(INPUT DATA Opens)

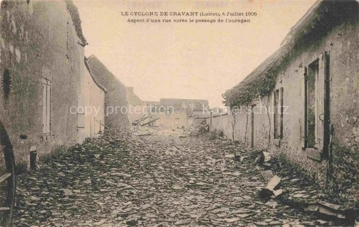 Cravant ORLEANS 45 Loiret Le cyclone de Cravant 4 Juillet 1905 une rue postalisch nicht gelaufen Erhaltung siehe scans [FriedD77]
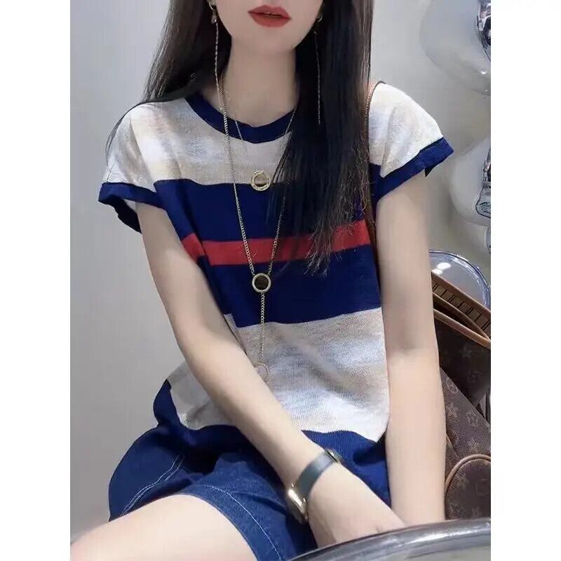 送料無料 プリント O ネックルーズ半袖カラーブラウス女性の 2023 夏オーバーサイズトップスシャツ ショート ハーフスリーブ サマー 夏物 Oネック AE1288776619337573246
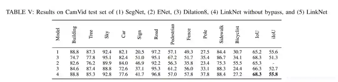 这项工作的主要贡献是在原始的UNet中引入了残差连接,并直接将编码器与解码器连接来提高准确率,一定程度上减少了处理时间。通过这种方式,保留编码部分中不同层丢失的信息,同时,在进行重新学习丢失的信息时并未增加额外的参数与操作。在Cittycapes和CamVID数据集上的实验结果证明残差连接的引入(LinkNet without bypass)使得mIOU获得了提升。
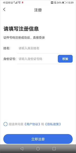 在弹出的新界面中,准确录入个人真实姓名与身份证号码,确认勾选同意相关协议及隐私条款后,点击“立即注册”按钮完成操作。
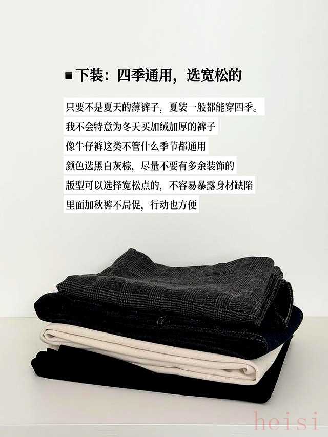 - "基础色":选择一些基础色的单品,如黑色、白色、灰色、米色等,这些颜色容易搭配,且不易过时。
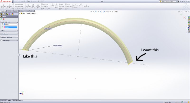 jeffunik72 Posted December 7, 2013 Posted December 7, 2013 Hi all, ive run into a problem in solidworks.. im trying to create a half circle using sweep boss/base but i cannot get the ending end of the sweep to finish straight it always finishes on an angle ive posted a picture of the issue.. if anyone knows how to solve this... thanks Quote
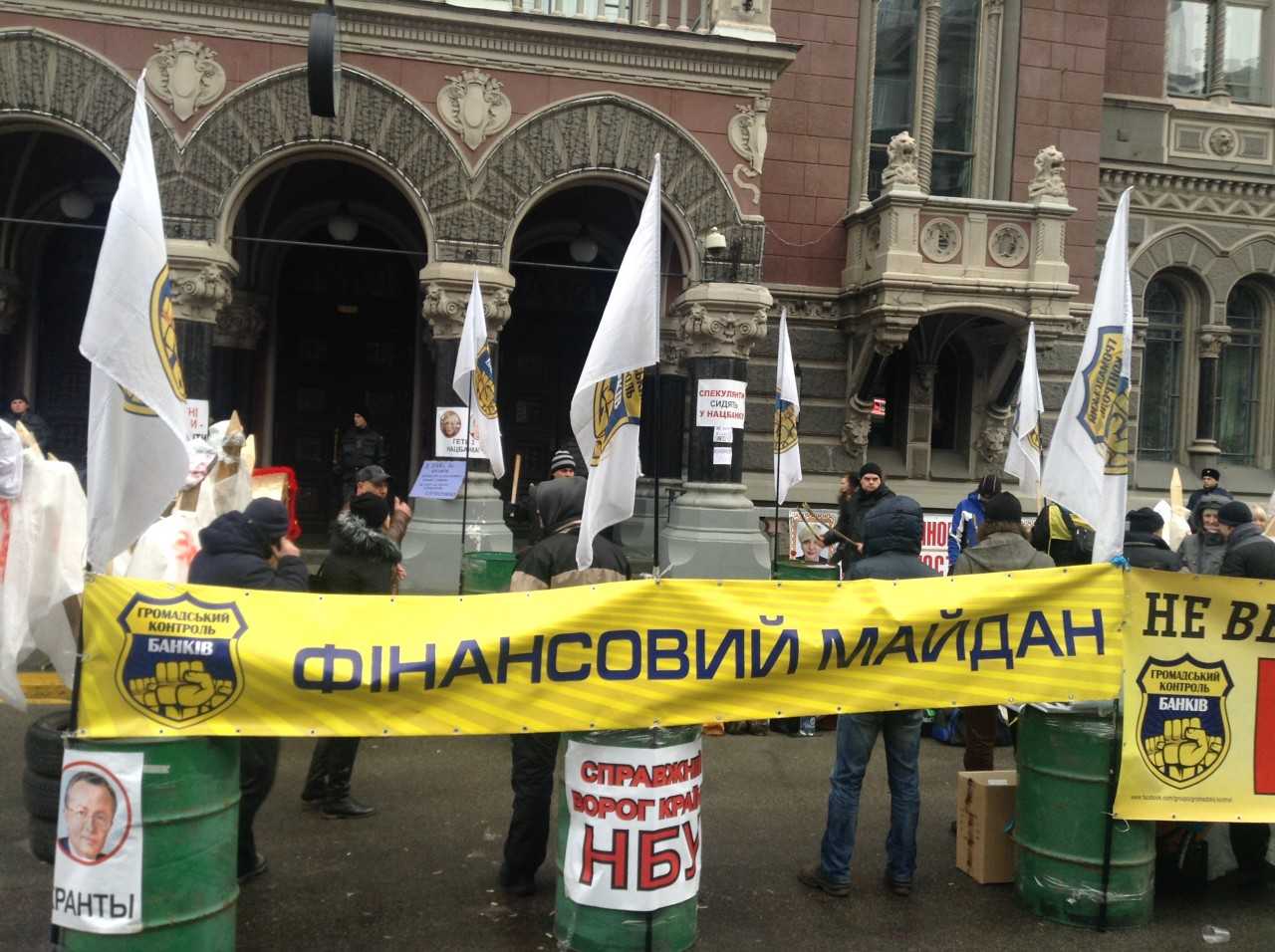 Участники акции отмечают, что будут стоять под стенами Нацбанка до тех пор, пока власть не услышит их.

(INPUT DATA Closes)

> **WORK ORDER**
Set down every entry above without alteration, but print no images.

> **WRITTEN RESPONSE**
 Cravant ORLEANS 45 Loiret Le cyclone de Cravant 4 Juillet 1905 une rue postalisch nicht gelaufen Erhaltung siehe scans [FriedD77]
 送料無料 プリント O ネックルーズ半袖カラーブラウス女性の 2023 夏オーバーサイズトップスシャツ ショート ハーフスリーブ サマー 夏物 Oネック AE1288776619337573246
 这项工作的主要贡献是在原始的UNet中引入了残差连接,并直接将编码器与解码器连接来提高准确率,一定程度上减少了处理时间。通过这种方式,保留编码部分中不同层丢失的信息,同时,在进行重新学习丢失的信息时并未增加额外的参数与操作。在Cittycapes和CamVID数据集上的实验结果证明残差连接的引入(LinkNet without bypass)使得mIOU获得了提升。
 在弹出的新界面中,准确录入个人真实姓名与身份证号码,确认勾选同意相关协议及隐私条款后,点击“立即注册”按钮完成操作。
 - "基础色":选择一些基础色的单品,如黑色、白色、灰色、米色等,这些颜色容易搭配,且不易过时。
 jeffunik72 Posted December 7, 2013 Posted December 7, 2013 Hi all, ive run into a problem in solidworks.. im trying to create a half circle using sweep boss/base but i cannot get the ending end of the sweep to finish straight it always finishes on an angle ive posted a picture of the issue.. if anyone knows how to solve this... thanks Quote
 Участники акции отмечают, что будут стоять под стенами Нацбанка до тех пор, пока власть не услышит их.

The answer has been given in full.